Exercise =
Apart from pictures, transcribe exactly each line from the one containing "Floral Design is" through the final line of the listing below.

Available data =
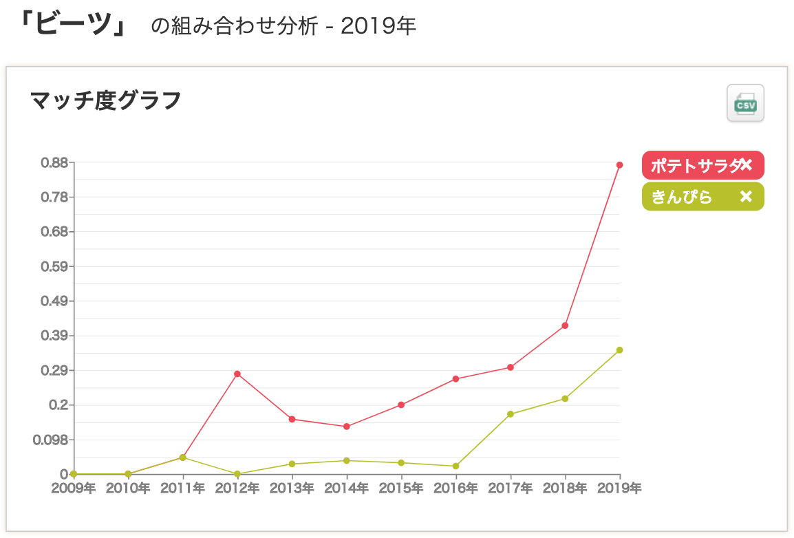 ビーツと一緒に検索されているキーワードをみてみると、「下処理」が最も多くなっています。数年前までは缶詰が一般的でしたが、近年店頭でも手に入るようになり、下処理方法が検索されていることがわかります。また、メニューキーワードでは「ボルシチ」「スープ」「サラダ」系が上位となっています。見映えのする「ポテトサラダ」や、下処理のいらない「きんぴら」などの伸長率が高くなっているのが特徴的です。
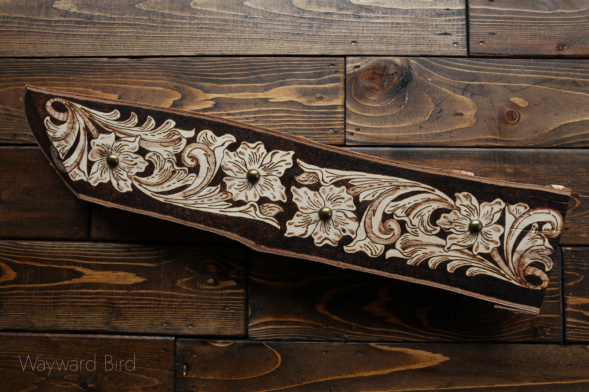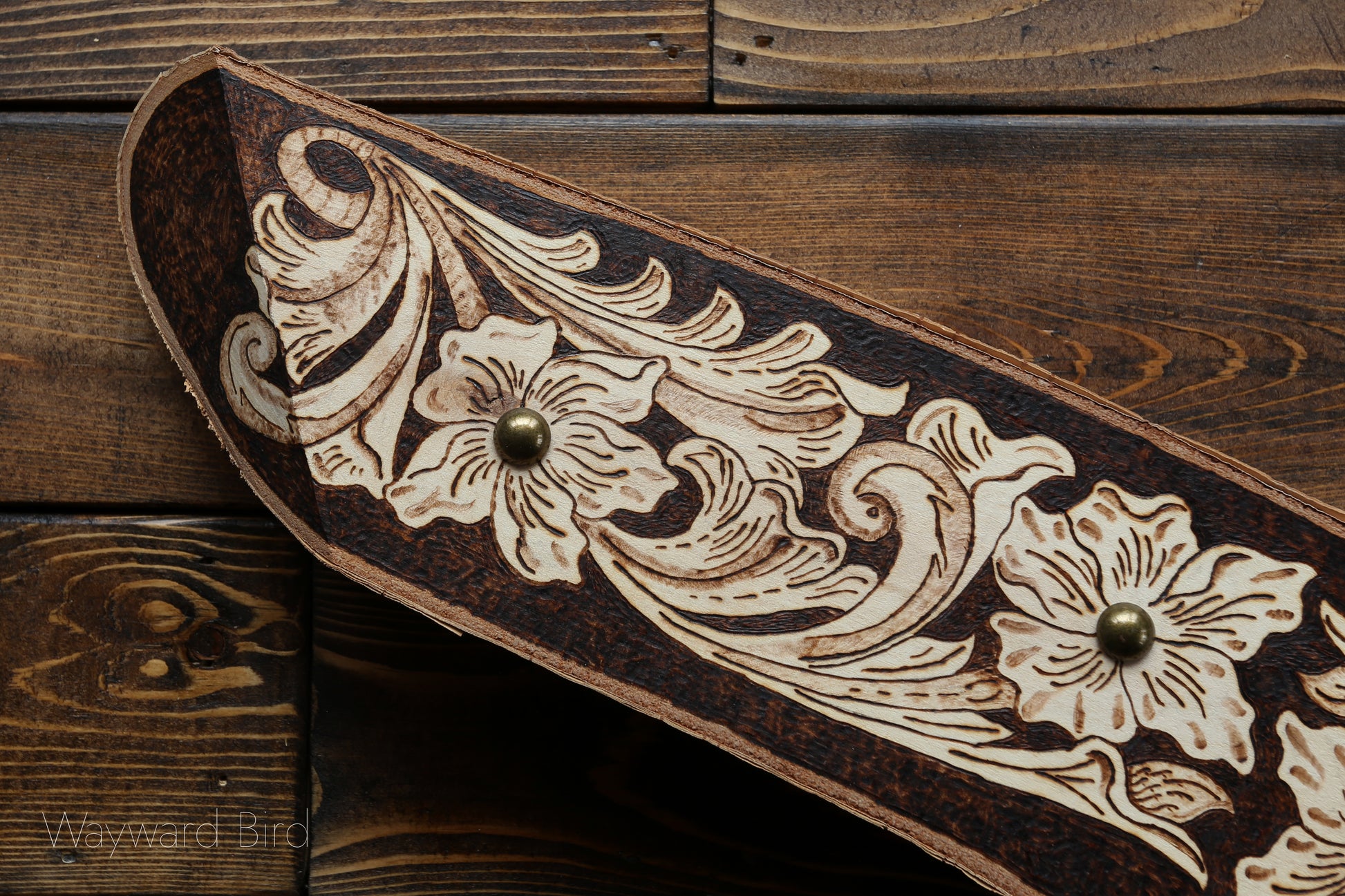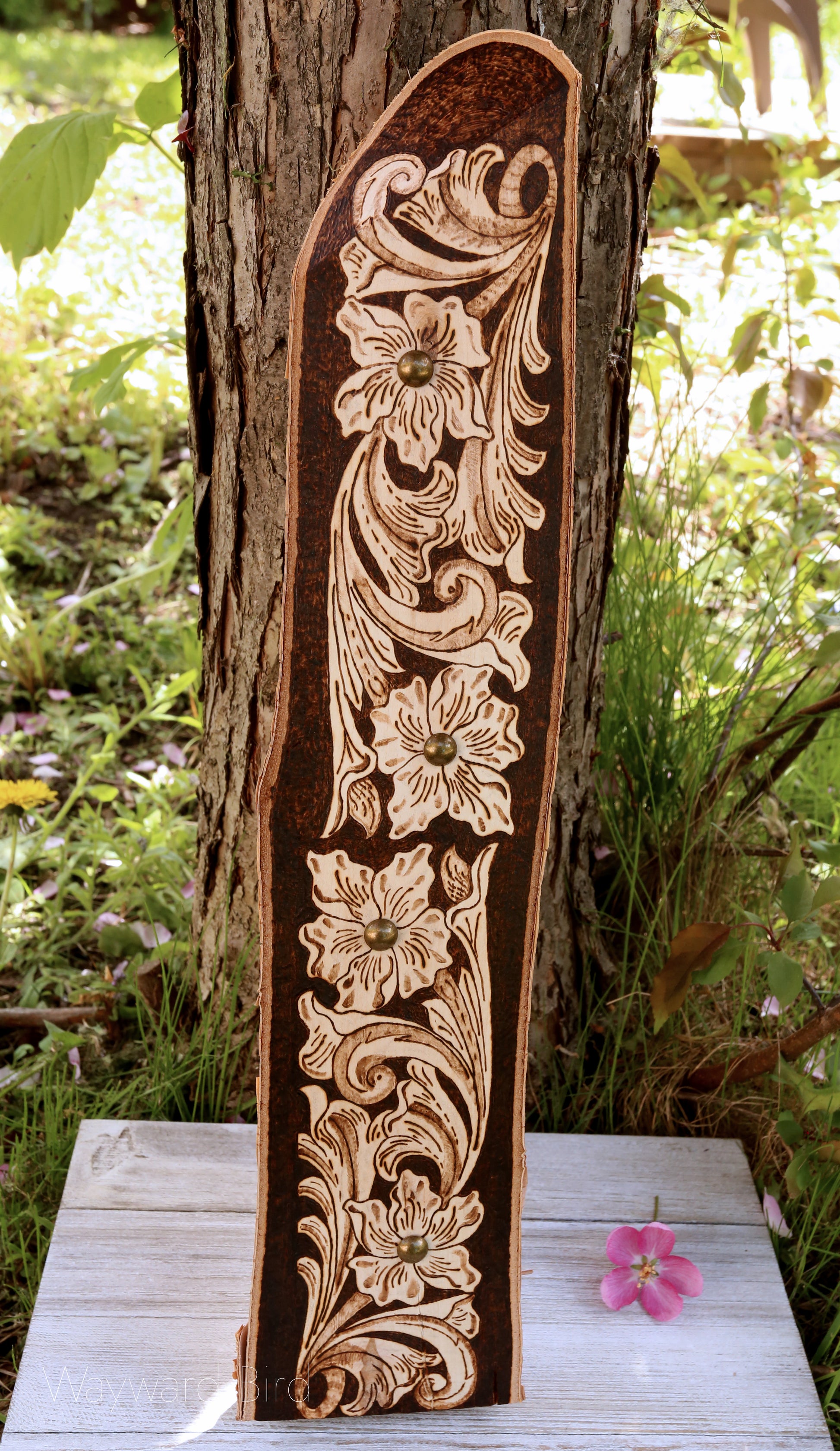 Floral Design is a hand-burned artwork by pyrography artist, Natasha Allen. A Tandy Leather floral Craftaid pattern was used for the design. There are 4 brass upholstery tacks affixed to the flower centers.
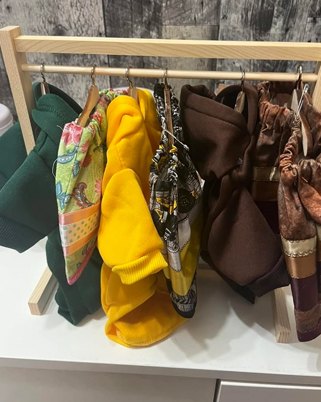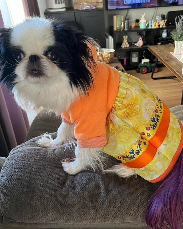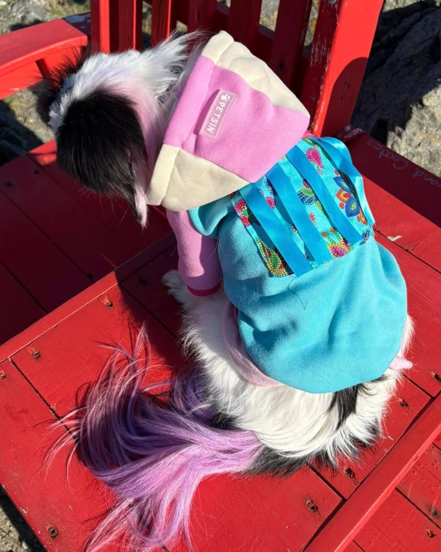 Cheryl Gehue is a creative force blending cultural tradition with contemporary design. A proud Mi’kmaw from Sipekne’katik, Nova Scotia, Cheryl specializes in Indigenous clothing for pets—through her business, Boujee Indigenous Pet Fashions. Her business offers ribbon skirts, coats, bandanas, and more. This unique offering reflects the way pets have become a part of cultural gatherings and family identity.
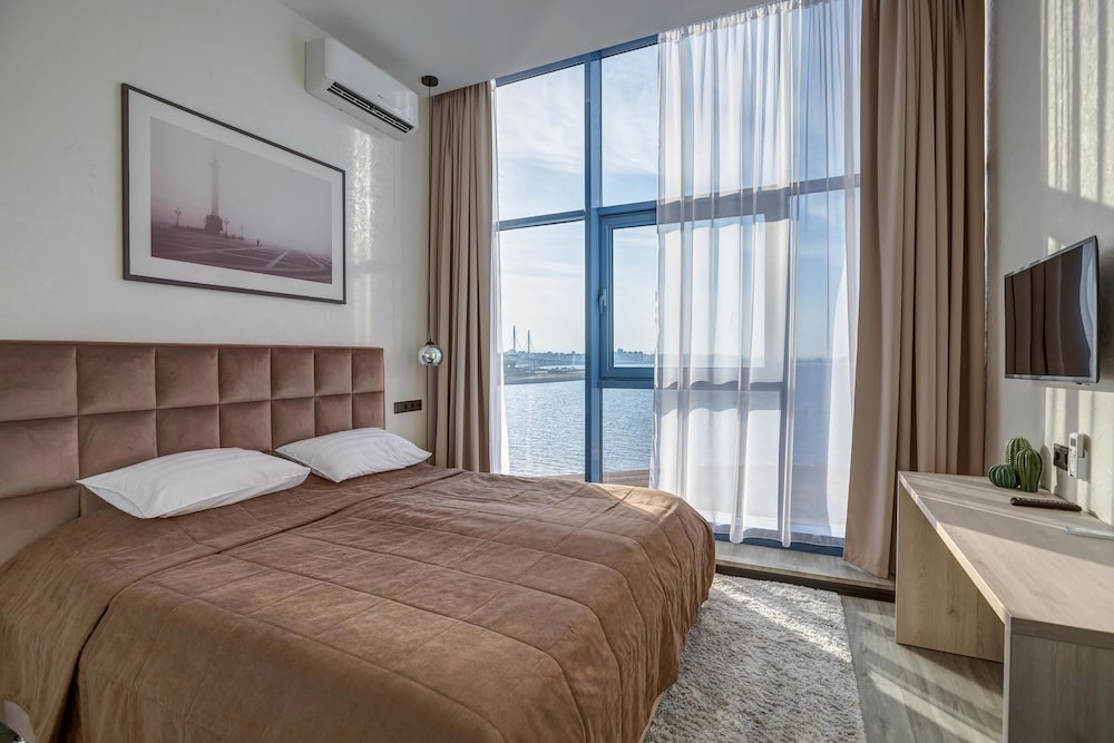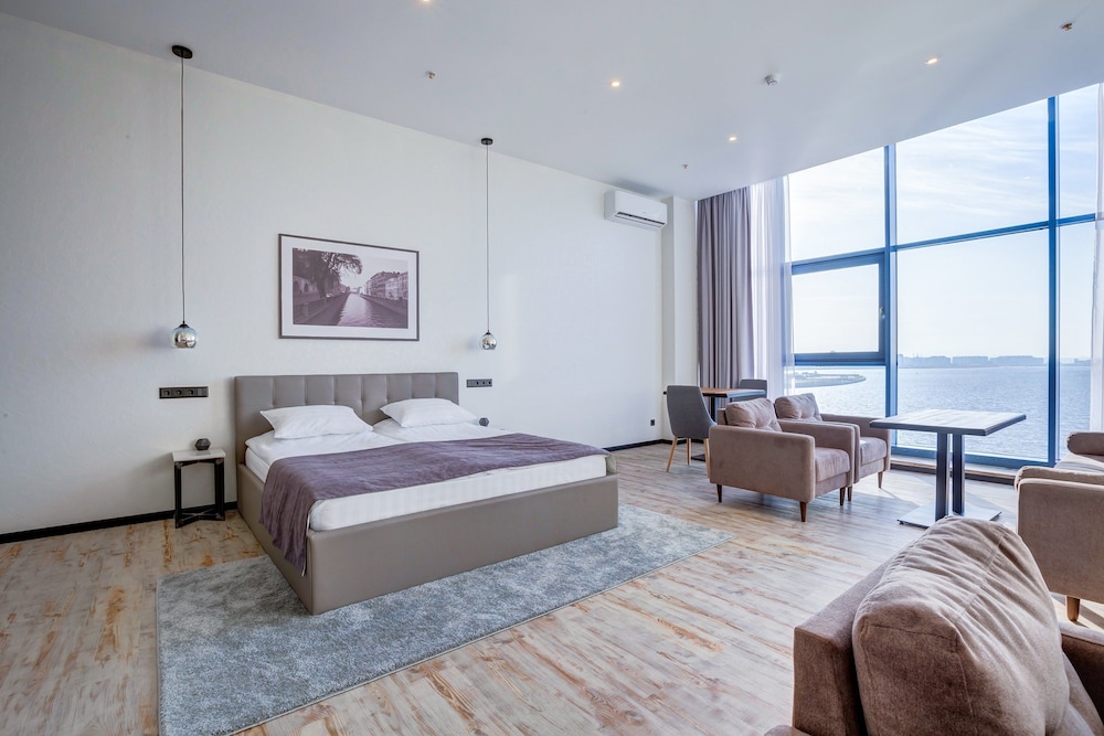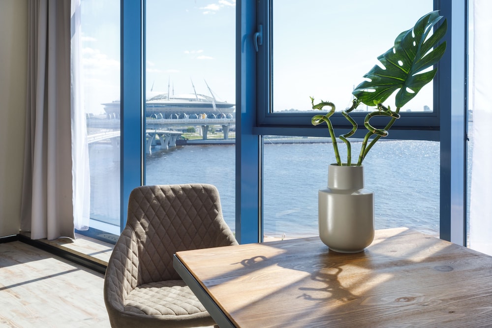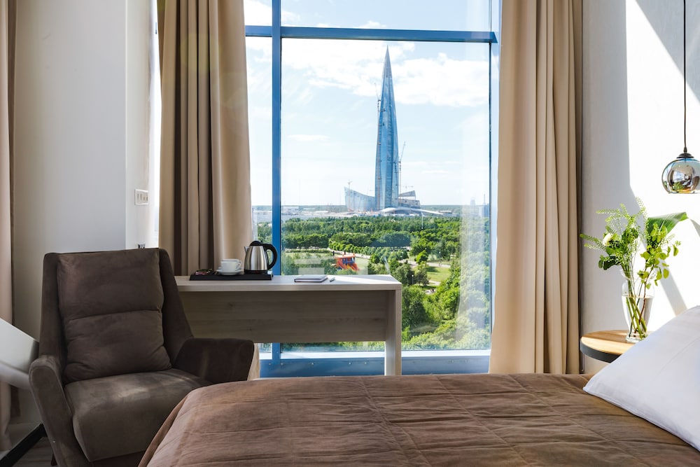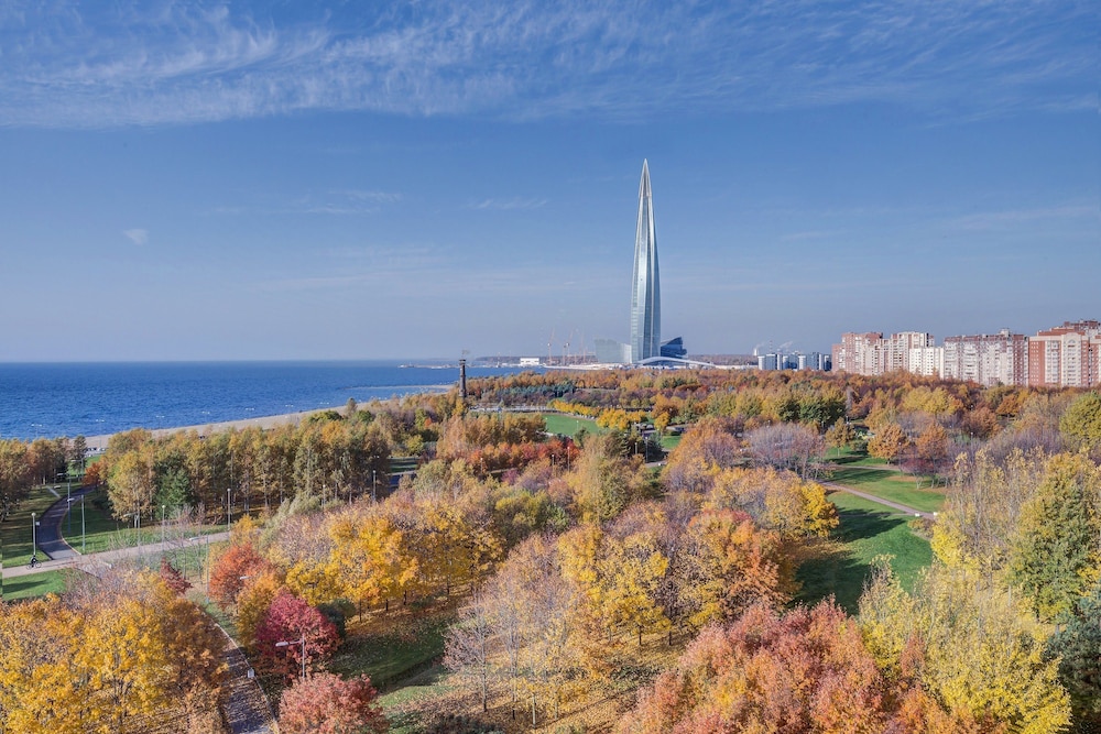 Tapahtumiin stadionilla ei ole parempaa paikkaa kuin tämä, vartin kävelymatkan päässä portit. Hienot maisemat Nevan suunnalla muutenkin ja samassa kompleksissa ostoskeskuksen kanssa, josta löytyy mm. vesipuisto, johon on tosin pitkät jonot aina. Hotellin huoneet kesällä ehkä turhankin valoisia, mutta ikkunallisten huoneiden merinäköala toki upea. Aamupala alakerran ravintolassa, joka ei hirveän häävi ollut, mikä on Venäjän hotelleissa melkein aina tilanne. Ystävällinen palvelu ja avulias henkilökunta vastaanotossa.

Result of the exercise =
 Floral Design is a hand-burned artwork by pyrography artist, Natasha Allen. A Tandy Leather floral Craftaid pattern was used for the design. There are 4 brass upholstery tacks affixed to the flower centers.
 Cheryl Gehue is a creative force blending cultural tradition with contemporary design. A proud Mi’kmaw from Sipekne’katik, Nova Scotia, Cheryl specializes in Indigenous clothing for pets—through her business, Boujee Indigenous Pet Fashions. Her business offers ribbon skirts, coats, bandanas, and more. This unique offering reflects the way pets have become a part of cultural gatherings and family identity.
 Tapahtumiin stadionilla ei ole parempaa paikkaa kuin tämä, vartin kävelymatkan päässä portit. Hienot maisemat Nevan suunnalla muutenkin ja samassa kompleksissa ostoskeskuksen kanssa, josta löytyy mm. vesipuisto, johon on tosin pitkät jonot aina. Hotellin huoneet kesällä ehkä turhankin valoisia, mutta ikkunallisten huoneiden merinäköala toki upea. Aamupala alakerran ravintolassa, joka ei hirveän häävi ollut, mikä on Venäjän hotelleissa melkein aina tilanne. Ystävällinen palvelu ja avulias henkilökunta vastaanotossa.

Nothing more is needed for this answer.